I set up an internal library called chunkReadFilter.php with the following code:

sc_include_library(“sys”, “phpexcel”, “PHPExcel/Reader/IReader.php”, true, true);
[COLOR=#000000] 4|
5|
6| class chunkReadFilter implements PHPExcel_Reader_IReadFilter
7| {
8| private $_startRow = 0;
9| private $_endRow = 0;
10|
11| /** Set the list of rows that we want to read */
12| public function setRows($startRow, $chunkSize) {
13| $this->_startRow = $startRow;
14| $this->_endRow = $startRow + $chunkSize;
15| }
16|
17| public function readCell($column, $row, $worksheetName = ‘’) {
18| // Only read the heading row, and the configured rows
19| if (($row == 1) || ($row >= $this->_startRow && $row < $this->_endRow)) {
20| return true;
21| }
22| return false;
23| }
24| } [/COLOR]

This is referenced in a blank app having:

sc_include_library(“sys”, “phpexcel”, “PHPExcel/IOFactory.php”, true, true);

$inputFileName = “sample.xlsx”;

if (!file_exists($inputFileName)) {
sc_error_message(“File missing”);
sc_error_exit();
}

$inputFileType = ‘Excel2007’;

$objReader = PHPExcel_IOFactory::createReader($inputFileType);

/** Define how many rows we want to read for each “chunk” /
$chunkSize = 2048;
/
Create a new Instance of our Read Filter **/
$chunkFilter = new chunkReadFilter();

/** Tell the Reader that we want to use the Read Filter **/
$objReader->setReadFilter($chunkFilter);

/** Loop to read our worksheet in “chunk size” blocks /
for ($startRow = 2; $startRow <= 1000000; $startRow += $chunkSize) {
/
Tell the Read Filter which rows we want this iteration /
$chunkFilter->setRows($startRow,$chunkSize);
/
Load only the rows that match our filter **/
$objPHPExcel = $objReader->load($inputFileName);

$sheetData = $objPHPExcel->getActiveSheet()->toArray(null,true,true,true);
var_dump($sheetData);
echo ‘<br /><br />’;
}

Hi Scriptcaser,
Got your message. I feel your pain.

At first glance, I think you do not need to be specific when inlcuding the library - in either place. I use lots of the features of phpexcel, but include using just this:
sc_include_library(“sys”,“PHPExcel180”,“phpexcel/PHPExcel.php”,true,true);


BTW, you will notice I am using a slightly different library: PHPExcel180 - here is why:

Probably unrelated but I have found I get errors using phpexcel sometimes due to the fact that SC did some patches to the original settings.php file in the phpexcel third party lib.
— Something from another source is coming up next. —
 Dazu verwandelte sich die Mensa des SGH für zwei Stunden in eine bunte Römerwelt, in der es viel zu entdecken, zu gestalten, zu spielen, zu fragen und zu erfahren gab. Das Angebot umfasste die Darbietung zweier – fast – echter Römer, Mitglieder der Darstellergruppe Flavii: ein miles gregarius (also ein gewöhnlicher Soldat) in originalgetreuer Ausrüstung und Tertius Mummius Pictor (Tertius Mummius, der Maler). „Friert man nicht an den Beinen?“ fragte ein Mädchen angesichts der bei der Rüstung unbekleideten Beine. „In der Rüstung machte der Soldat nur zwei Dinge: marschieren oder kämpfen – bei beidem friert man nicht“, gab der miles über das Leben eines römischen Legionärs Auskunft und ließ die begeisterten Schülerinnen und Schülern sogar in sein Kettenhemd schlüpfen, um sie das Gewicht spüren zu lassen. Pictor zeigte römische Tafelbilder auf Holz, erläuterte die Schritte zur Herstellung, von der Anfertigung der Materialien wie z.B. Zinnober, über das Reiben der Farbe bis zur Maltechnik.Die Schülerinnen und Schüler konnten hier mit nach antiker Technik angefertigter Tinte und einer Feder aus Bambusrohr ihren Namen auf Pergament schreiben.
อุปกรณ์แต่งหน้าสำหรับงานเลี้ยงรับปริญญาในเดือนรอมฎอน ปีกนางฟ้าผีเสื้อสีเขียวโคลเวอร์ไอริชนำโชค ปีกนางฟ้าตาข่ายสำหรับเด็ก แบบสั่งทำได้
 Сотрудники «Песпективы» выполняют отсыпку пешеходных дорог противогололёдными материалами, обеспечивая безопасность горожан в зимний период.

I downloaded the original unpatched library for PHPExcel - the old 1.8.0 one with the original files

  • so zipped it and used tools – external libraries – created a new one called PHPExcel180 for version 1.8.0
    • upload the zip

    • so I now use this in my blank app to process the files…
      sc_include_library(“sys”,“PHPExcel180”,“phpexcel/PHPExcel.php”,true,true); // mod Jamie 06212018 to override patched SC version

That way I am leaving the patched phpexcel as is with the SC patches so their uses of it on export buttons and such work. I am assuming they patched for a reason :slight_smile:

This cropped up on me again when I switched form SC8.1 to SC9.1.
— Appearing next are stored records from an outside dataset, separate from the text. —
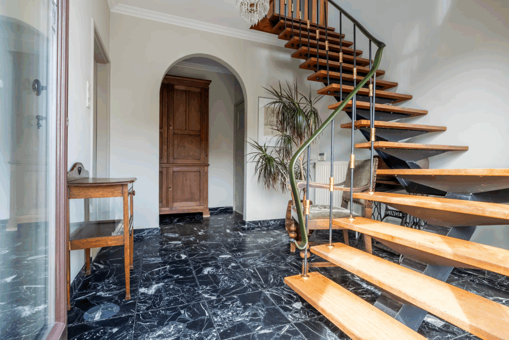 Deze villa in België biedt alles wat je maar kunt wensen. Zodra je binnenstapt, voel je de grandeur: een royale hal met natuurstenen vloer, een sfeervolle woonkamer met open haard en airconditioning, en een lichte tuinkamer met uitzicht op de tuin. De halfopen keuken is voorzien van alle gemakken – van oven en combi-oven tot vaatwasser en koelkast.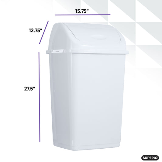 Large Swing Top Trash Can, 52 Qt. /13 Gal - White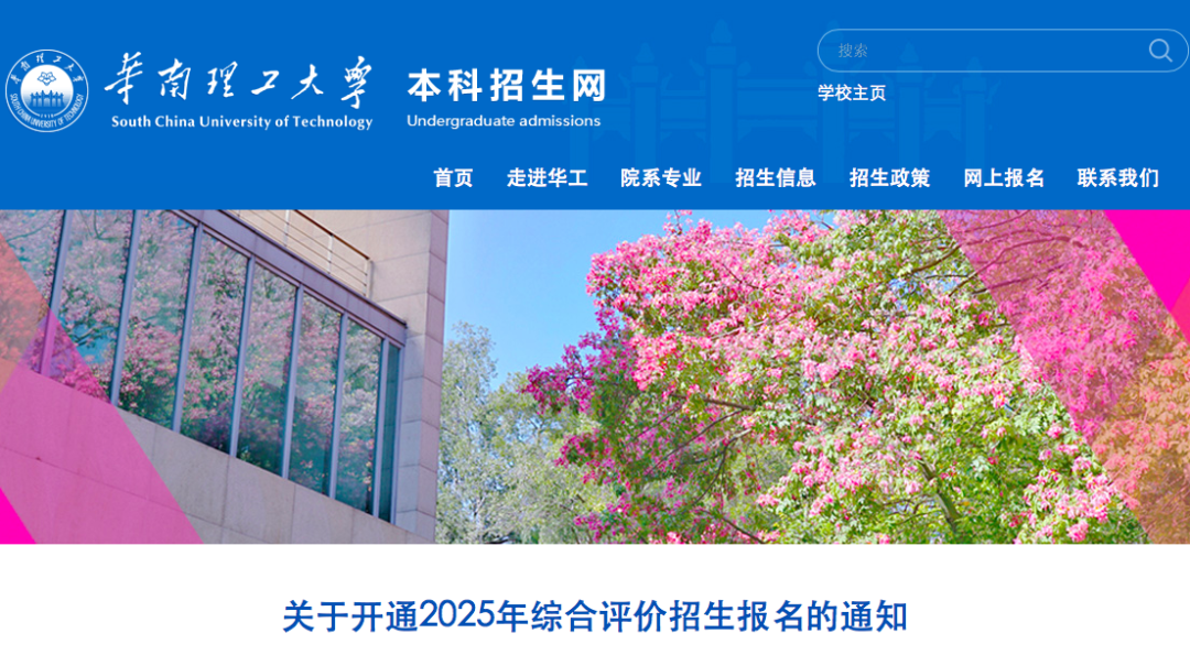 华南理工大学本科招生网日前发布消息称,该校已于1月21日10:00开通综合评价招生报名系统(网址:https://bm.chsi.com.cn/)。2025年,华工将在广东、江苏、山东、上海、浙江等五省市继续实施综合评价招生。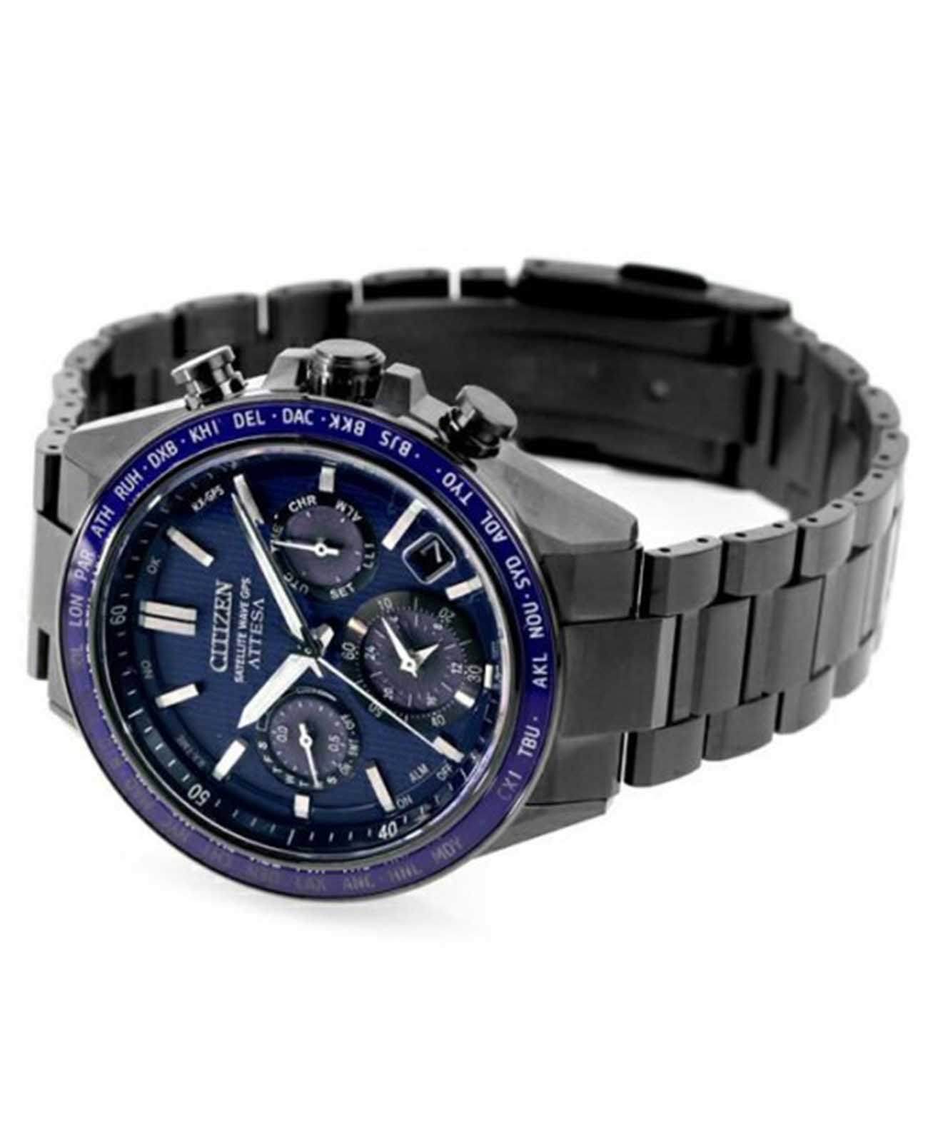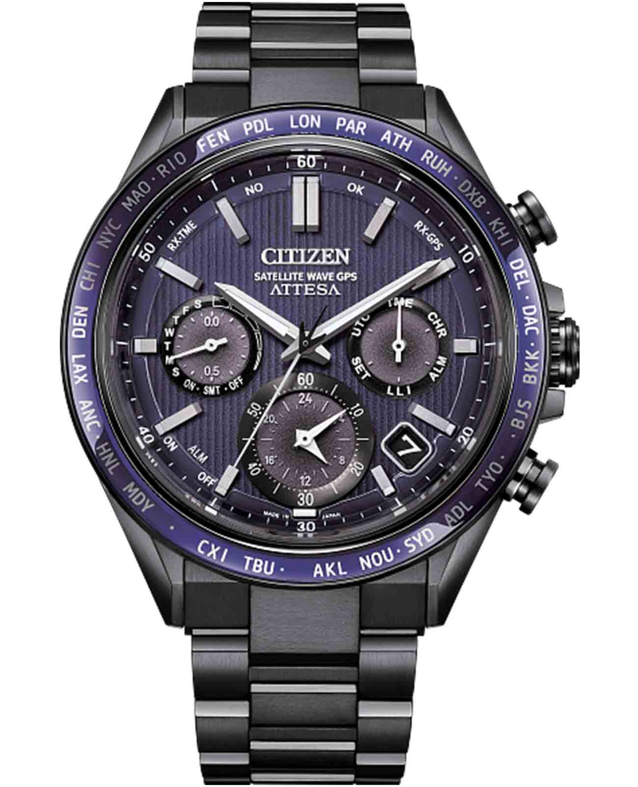 с самой высокой в мире скоростью приема сигнала — всего за 3 секунды, что обеспечивает точную настройку времени в любой точке мира. Среди дополнительных функций — мировое времяМировое время Полезное часовое усложнение, отображающее время в основных городах и известных областях по всему миру, оно связано с часовыми поясами, удобно для путешественников и бизнесменов. в 27 городах (40 часовых зон), индикатор летнего времени, второй часовой поясВторой часовой поясФункция, позволяющая отображать время двух часовых поясов одновременно. (GMTGMTОтображение времени второго часового пояса.Такая функция особенно актуальна для путешественников и бизнесменов,которые общаются с людьми из разных стран,теперь вы всегда будете знать,какой час у вашего партнёра или близкого человека.), будильник, вечный календарьВечный календарьКлассическое часовое усложнение, представляющее собой календарь, рассчитанный на несколько лет вперёд (стандартно – до 2099 года). Определяет текущую дату, день недели, месяц., апертура даты между 4 и 5 часами, отображение дня недели на малом циферблате, 12/24-часовой формат времени, а также секундомерСекундомерСекундоме́р — прибор, способный измерять интервалы времени с точностью до долей секунды. с точностью 1/2 секунды и пределом измерения до 24 часов. Сапфировое стеклоСапфировое стеклоПрочный и надёжный материал из кристалла сапфира синтетического происхождения, характеризующийся особой твёрдостью и устойчивостью к царапинам и повреждениям. с антибликовым покрытиемАнтибликовое покрытиеСлой оксида металла в 0,13-0,3 микрон, благодаря которому стекло часов не бликует и не отражает свет. Антибликовое покрытие уменьшает отражение света в 10 раз, обеспечивая отличную читаемость показателей циферблата. надежно защищает циферблат от царапин. Заводная головка снабжена защитой, а титановый браслет с DLC-покрытиемDLC-покрытиеDiamond like carbon - одно из лучших видов покрытия, представляющее собой углерод с алмазными свойствами. На поверхность материала наносятся распавшиеся молекулы углерода, превращающиеся в плёнку из алмазоподобных связей, которая перенимает твёрдость алмаза. и раскладывающейся застежкой обеспечивает комфорт и безопасность при носке. Водостойкость уровня WR 100 позволяет использовать часы при плавании и снорклинге. Вес модели составляет всего 110 г.

Also - phpexcel is now deprecated - https://github.com/PHPOffice/PHPExcel

There is a new one to use called https://github.com/PHPOffice/PhpSpreadsheet

I have not tried it yet, as my code is so damn complicated and I am busy on other things. But we should all be looking at this and possibly other libraries out there.

Good luck,
Jamie

Thanks so much for this: huge eye-opener as per phpspreadsheet.

To solve my issue, I eventually switched my source files to CSV and read them with Spout. Infinitely more efficient to process!!!

I will now study/ experiment with this new phpspreadsheet thingie!

Hi Scriptcaser,

As I said, I haven’t had any time to go back and redo my importing and exporting processes. I am very interested what you find about phpspreadsheet. I read thru the docs a few months ago when I was converting my project from 8.1 to 9.1 (honestly still debugging). Hopefully we share info back and forth :slight_smile:

Since you are using spout for reading csv, I thought I would share some code below. I wrote it about 2 years ago, but it has comments from when I was doing it. I have a user driven requirement to read in xlsx files only :frowning: so I had to do something to make the server 1) not time out PHP and 2) not hog all resources for someone’s import for the other online users. It was nightmare LOL.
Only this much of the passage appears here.